BEGIN RECORDS SHOWN

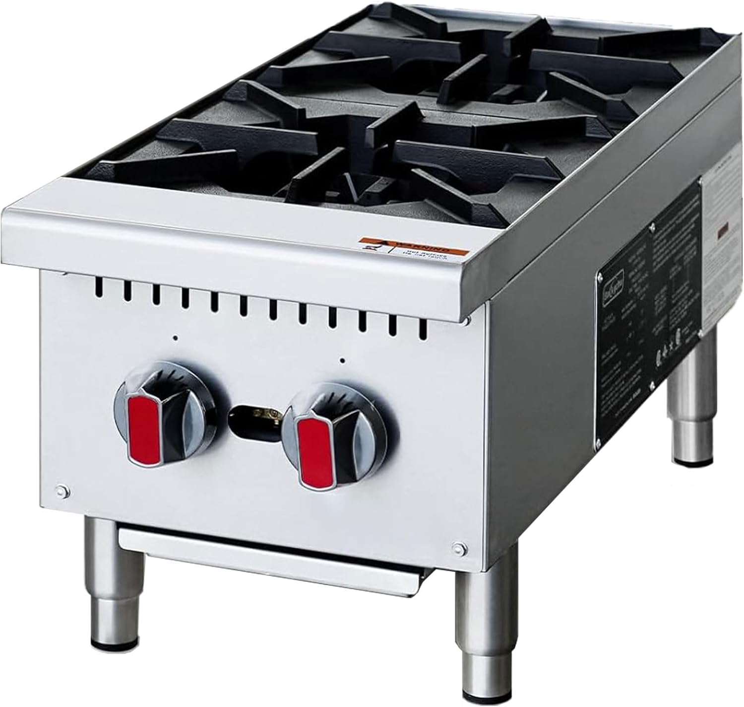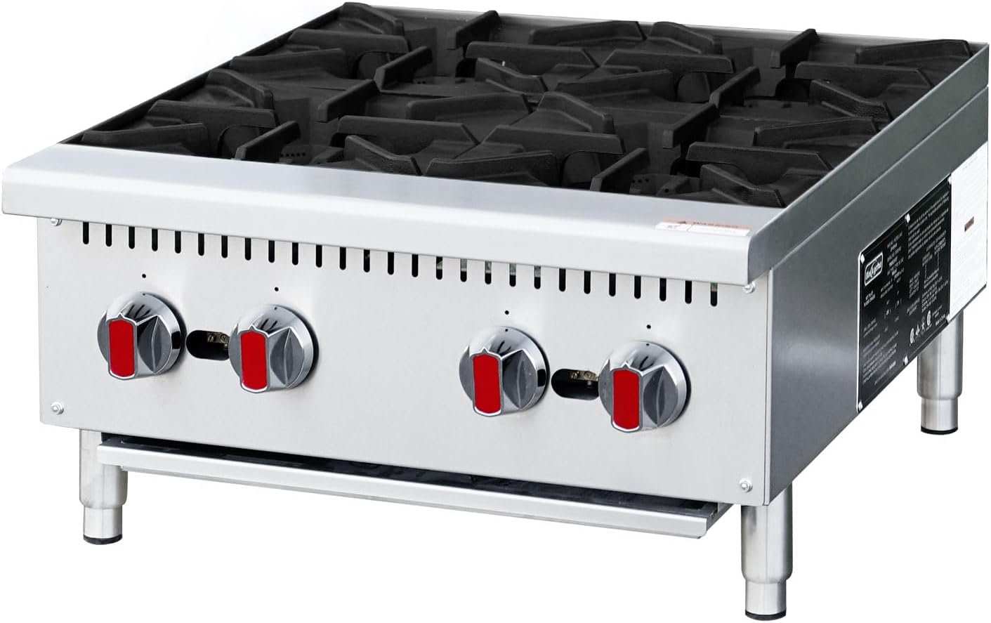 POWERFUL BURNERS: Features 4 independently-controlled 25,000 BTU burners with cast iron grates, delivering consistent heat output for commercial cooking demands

END RECORDS SHOWN
BEGIN RECORDS SHOWN

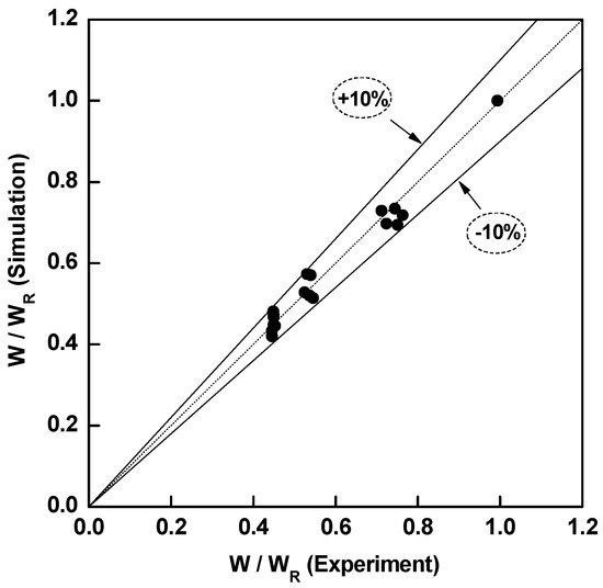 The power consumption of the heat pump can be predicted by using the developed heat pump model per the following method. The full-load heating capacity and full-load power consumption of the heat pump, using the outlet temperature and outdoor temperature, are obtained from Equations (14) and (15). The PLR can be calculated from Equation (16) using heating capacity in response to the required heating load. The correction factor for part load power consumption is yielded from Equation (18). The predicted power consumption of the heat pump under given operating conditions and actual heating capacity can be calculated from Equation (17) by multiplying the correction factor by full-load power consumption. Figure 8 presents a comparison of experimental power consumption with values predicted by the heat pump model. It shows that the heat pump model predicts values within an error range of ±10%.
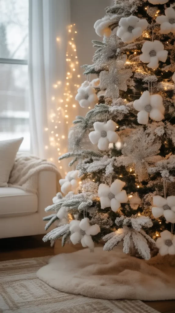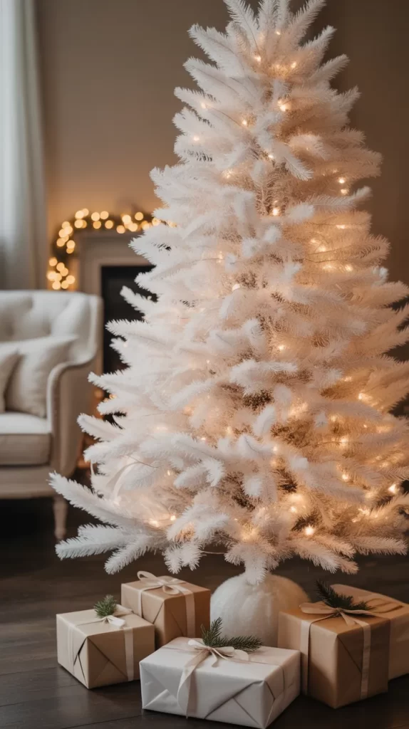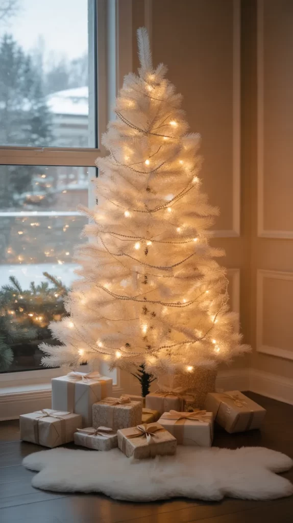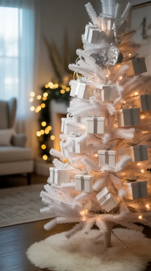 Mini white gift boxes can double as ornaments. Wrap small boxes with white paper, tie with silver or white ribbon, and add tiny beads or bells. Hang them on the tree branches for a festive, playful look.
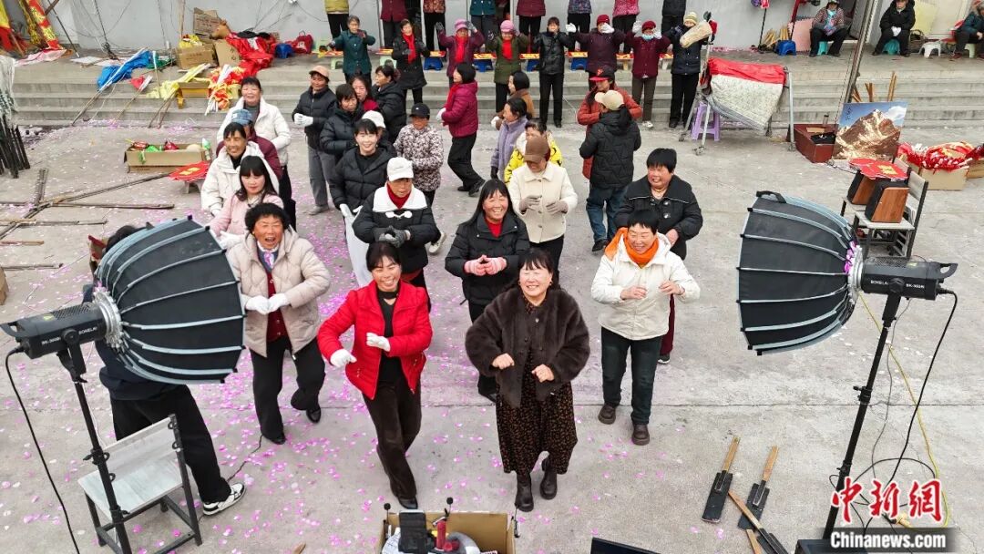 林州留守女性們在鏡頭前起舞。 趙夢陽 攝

END RECORDS SHOWN
BEGIN RECORDS SHOWN

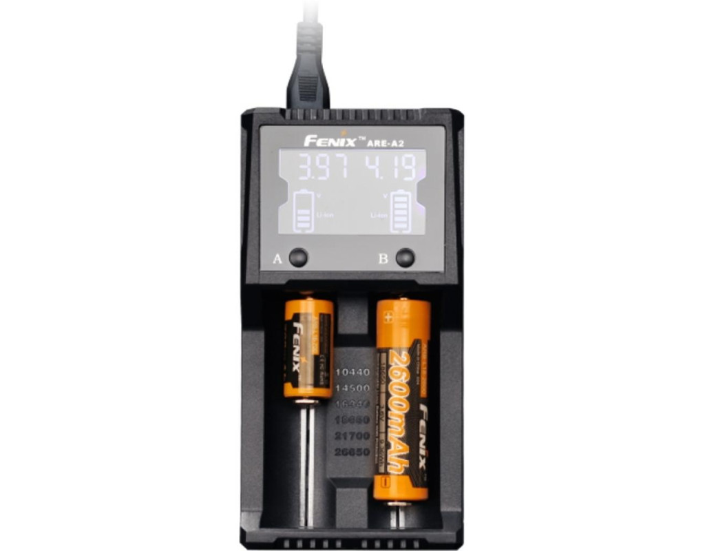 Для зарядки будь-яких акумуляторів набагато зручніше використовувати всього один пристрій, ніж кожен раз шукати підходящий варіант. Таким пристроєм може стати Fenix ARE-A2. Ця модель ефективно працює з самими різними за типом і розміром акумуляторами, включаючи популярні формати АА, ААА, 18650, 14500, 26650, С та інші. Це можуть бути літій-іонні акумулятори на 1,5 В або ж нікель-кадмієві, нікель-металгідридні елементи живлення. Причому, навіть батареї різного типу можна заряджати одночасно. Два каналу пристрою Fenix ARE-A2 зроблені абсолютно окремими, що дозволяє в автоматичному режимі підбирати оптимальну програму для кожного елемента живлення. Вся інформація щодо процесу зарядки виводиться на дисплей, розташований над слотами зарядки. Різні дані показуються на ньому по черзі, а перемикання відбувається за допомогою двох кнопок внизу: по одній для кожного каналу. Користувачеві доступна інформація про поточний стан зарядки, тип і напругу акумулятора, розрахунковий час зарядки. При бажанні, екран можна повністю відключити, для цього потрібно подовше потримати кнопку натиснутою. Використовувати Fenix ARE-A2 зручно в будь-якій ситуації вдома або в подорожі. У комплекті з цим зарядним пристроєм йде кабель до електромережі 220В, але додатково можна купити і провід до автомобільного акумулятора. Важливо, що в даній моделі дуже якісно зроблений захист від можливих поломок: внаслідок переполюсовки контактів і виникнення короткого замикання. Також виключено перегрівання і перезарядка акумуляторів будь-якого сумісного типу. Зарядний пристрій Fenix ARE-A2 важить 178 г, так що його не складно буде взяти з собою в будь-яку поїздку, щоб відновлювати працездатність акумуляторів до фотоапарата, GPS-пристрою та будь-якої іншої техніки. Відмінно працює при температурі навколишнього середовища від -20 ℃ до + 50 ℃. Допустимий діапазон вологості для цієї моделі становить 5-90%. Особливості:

END RECORDS SHOWN

## WORK INSTRUCTIONS
From the line with "Mini white gift" up to and including the line with "林州留守女性們在鏡頭前起舞。 趙夢陽 攝" above, retype every line exactly and nothing more; leave out the pictures.

## THE ANSWER
 Mini white gift boxes can double as ornaments. Wrap small boxes with white paper, tie with silver or white ribbon, and add tiny beads or bells. Hang them on the tree branches for a festive, playful look.
 林州留守女性們在鏡頭前起舞。 趙夢陽 攝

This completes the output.